* Your instructions *
Every word in the data below belongs in your copy, exactly as given; the pictures do not.
====== Data ======
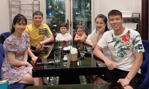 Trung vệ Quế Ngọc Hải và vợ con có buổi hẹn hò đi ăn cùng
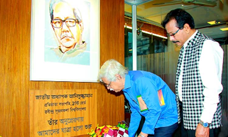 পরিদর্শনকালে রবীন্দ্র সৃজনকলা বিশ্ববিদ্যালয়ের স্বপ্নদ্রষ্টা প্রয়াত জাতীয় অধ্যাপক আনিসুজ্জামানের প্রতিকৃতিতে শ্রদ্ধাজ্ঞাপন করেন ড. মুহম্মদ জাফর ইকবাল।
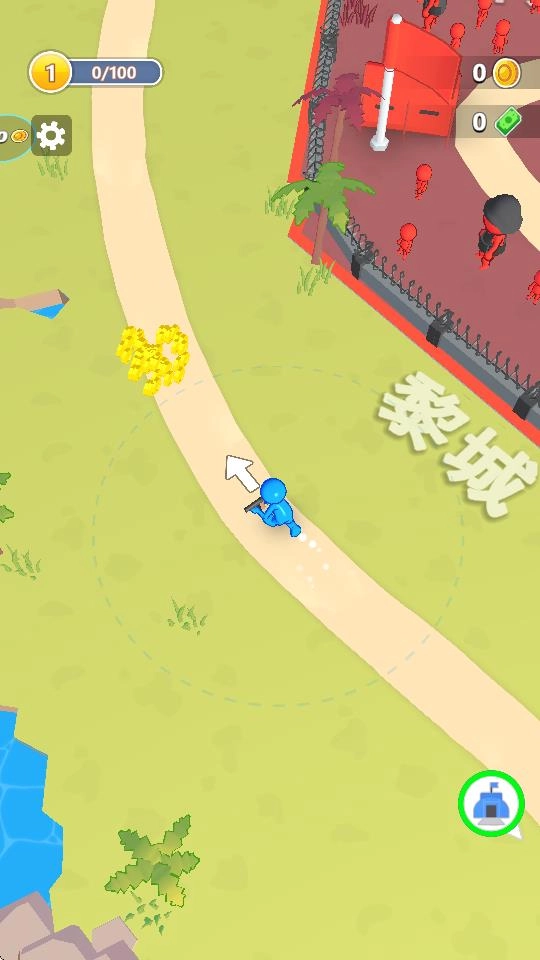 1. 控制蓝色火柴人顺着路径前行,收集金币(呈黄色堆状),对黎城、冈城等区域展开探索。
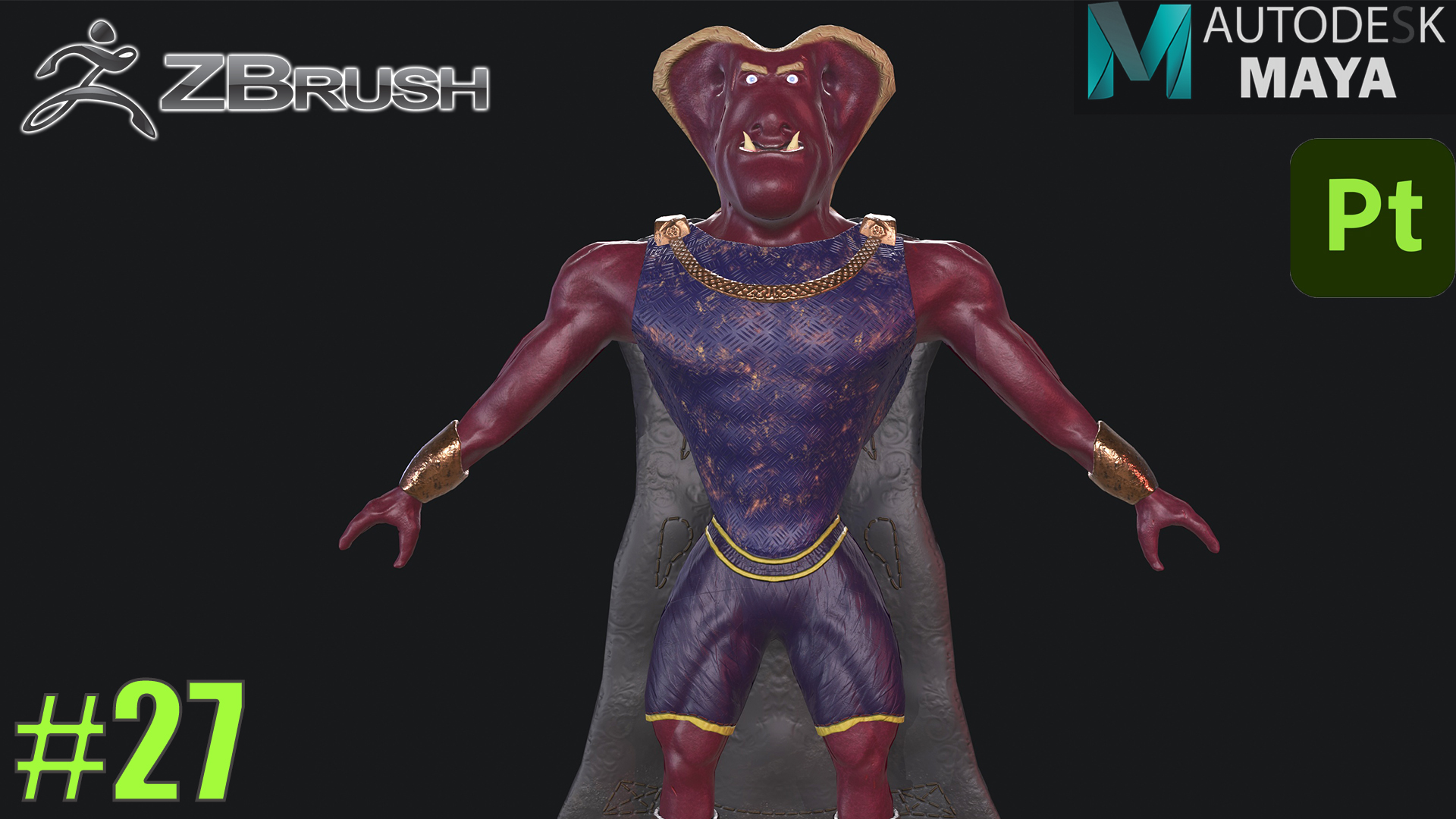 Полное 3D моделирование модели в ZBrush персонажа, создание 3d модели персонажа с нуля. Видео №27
======
* Written response *
 Trung vệ Quế Ngọc Hải và vợ con có buổi hẹn hò đi ăn cùng
 পরিদর্শনকালে রবীন্দ্র সৃজনকলা বিশ্ববিদ্যালয়ের স্বপ্নদ্রষ্টা প্রয়াত জাতীয় অধ্যাপক আনিসুজ্জামানের প্রতিকৃতিতে শ্রদ্ধাজ্ঞাপন করেন ড. মুহম্মদ জাফর ইকবাল।
 1. 控制蓝色火柴人顺着路径前行,收集金币(呈黄色堆状),对黎城、冈城等区域展开探索。
 Полное 3D моделирование модели в ZBrush персонажа, создание 3d модели персонажа с нуля. Видео №27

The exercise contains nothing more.